Scarpa da running e piastra in fibra di carbonio

Un amico podista mi chiede come mai le scarpe da running ultima generazione costano così tanto. Gli ho risposto perché hanno la piastra in fibra di carbonio nell’intersuola. Mi è parso soddisfatto della risposta, anche se, come sospettavo, ha continuato a brontolare sottovoce circa l’ultimo e spropositato aumento delle scarpette da running, vero “motore” della sua domanda. Per cercare di “consolarlo”, gli ho detto che è il destino della tecnologia applicata allo sport, anzi, della tecnologia applicata alla vita, visto che tutti i settori della nostra civiltà risentono, inevitabilmente e giustamente, delle trasformazioni scientifiche che si applicano in concreto alle nostre esistenze, sport compreso. Basti osservare le scarpette da running che usavamo negli anni 80, allorché esplose il fenomeno podistico, rispetto alle ultime che usiamo: c’è un abisso.

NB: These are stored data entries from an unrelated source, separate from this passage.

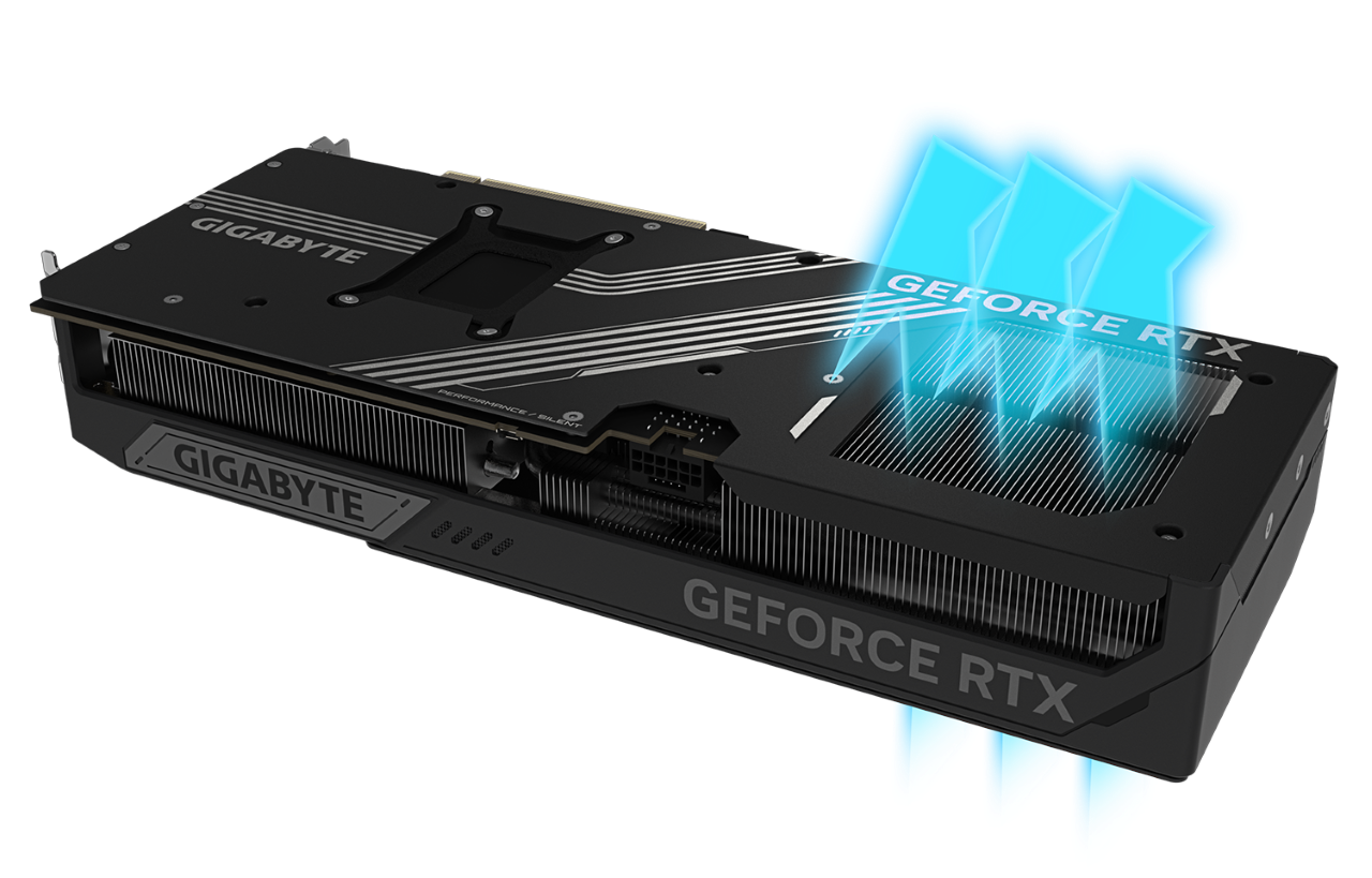 Hệ thống tản nhiệt WINDFORCE trên RTX 5080 đảm bảo GPU luôn mát mẻ, ổn định ngay cả khi tải nặng. Công nghệ quạt tiên tiến và gel dẫn nhiệt cấp máy chủ giúp card hoạt động êm ái và bền bỉ.
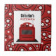 A kitchen tile featuring an illustration of a retro red stove over a background of red paisley. Personalise with your name.
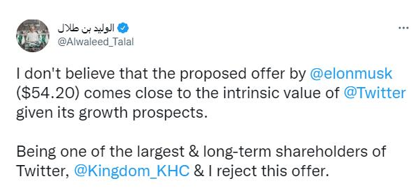 他发推称,“考虑到推特的增长前景,我认为,马斯克的54.2美元收购价提议并未接近推特的内在价值。作为推特的最大长线股东之一,我和我的投资公司Kingdom Holding Company (KHC)拒绝这一提议。”
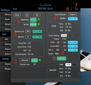 2. Cruise Distance. Set the minimum cruising distance for a given altitude. For example if the flight is short, selecting “Highest” on the Route page will pick an altitude so the cruise distance is not shorter than the value selected above.
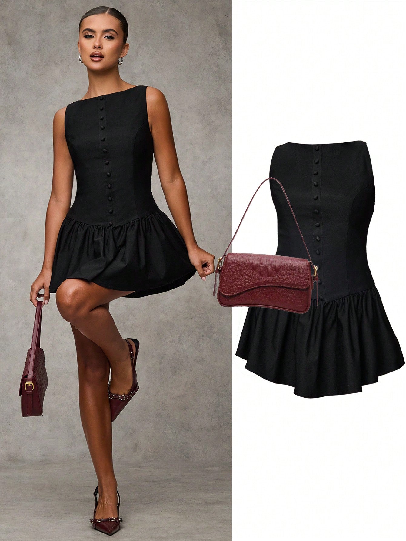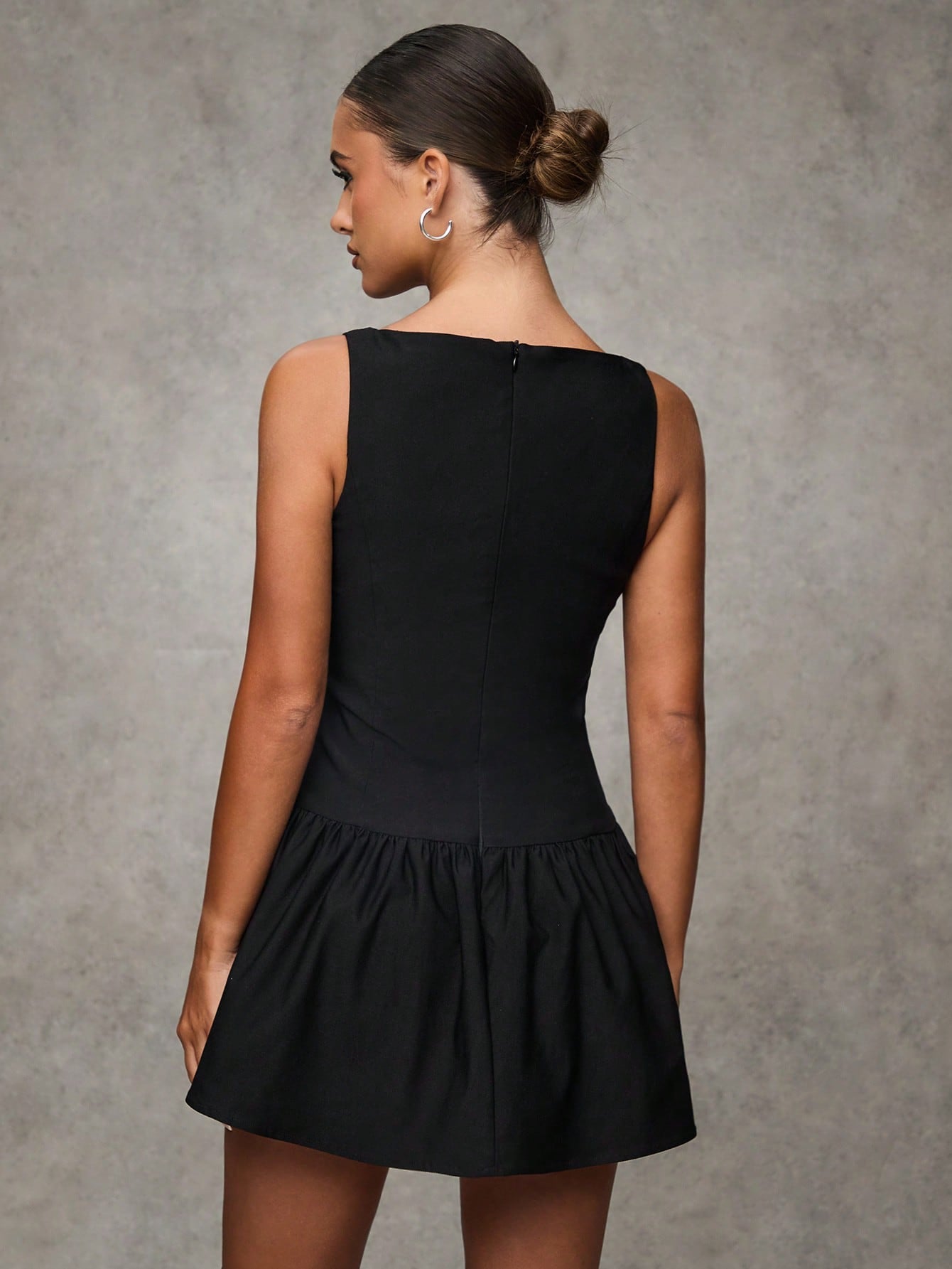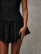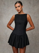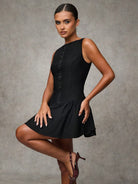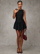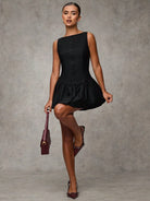 BAE Women's Solid Color Ruffle Hem Round Neck Sleeveless Elegant Mini Dress, Black Homecoming Dress,Homecoming

Ma, in concreto, cos’è che rende necessario lo sviluppo tecnico della calzatura? E’ sempre la solita storia: la ricerca del miglioramento della performance sportiva. Nel caso specifico, cerchiamo di scendere un po’ nel dettaglio.

In una scarpa da running la mescola dell’intersuola ha il preciso compito di dirigere l’energia dell’impatto, ma poiché il materiale da cui è costituita la indirizza in svariate direzioni, di fatto disperdendola, se ne ricava un dispendio di energia, non realizzandosi il ritorno di energia nella cosiddetta fase di spinta. Invece, con la piastra in fibra di carbonio, tutto ciò non si verifica e pertanto si ottiene un ottimale ritorno di energia nella fase di spinta, rapportabile ad un guadagno in termini di secondi al km abbastanza consistente, nell’ordine di 5-6” al km. Inoltre, c’è anche da considerare un altro aspetto. La rigidità della falcata del podista contribuisce a rendere il suo gesto più economico, consentendo alle articolazioni del piede di mantenere un assetto più rigido senza ulteriori dispersioni dovute allo sballottamento delle dita inevitabili in una sede meno stabile e controllata. Ovviamente, il tutto si traduce non soltanto nel gesto tecnico più veloce, ma anche in quello più utile dal punto di vista dell’affaticamento muscolare.

Data la situazione, si può parlare di “doping tecnologico”…? Si può ravvisare una disparità di trattamento fra un podista che usi queste scarpe e chi no…? Si può concepire un mondo podistico dimidiato fra professionisti e semplici amatori in rispetto del costo delle scarpe che usano…? La questione è aperta.. Sta di fatto che ora un po’ tutte le case produttrici stanno partecipando ad una vera e propria gara, tanto che l’AIFA (l’organismo internazionale) ha stabilito in linea di principio una regola, così che possano partire tutte dalla stessa linea di partenza, come in una vera e propria gara: lo spessore dell’intersuola non deve superare i 40 mm e la calzatura non deve contenere più di una piastra in fibra di carbonio.                  

Assisteremo, podisti interessati, a questo sviluppo tecnologico della scarpa da running, sperando che si traduca in reale progresso per l’intero movimento. E che alla lunga, come spera il mio amico e non solo lui, i costi non continuino a salire all’infinito.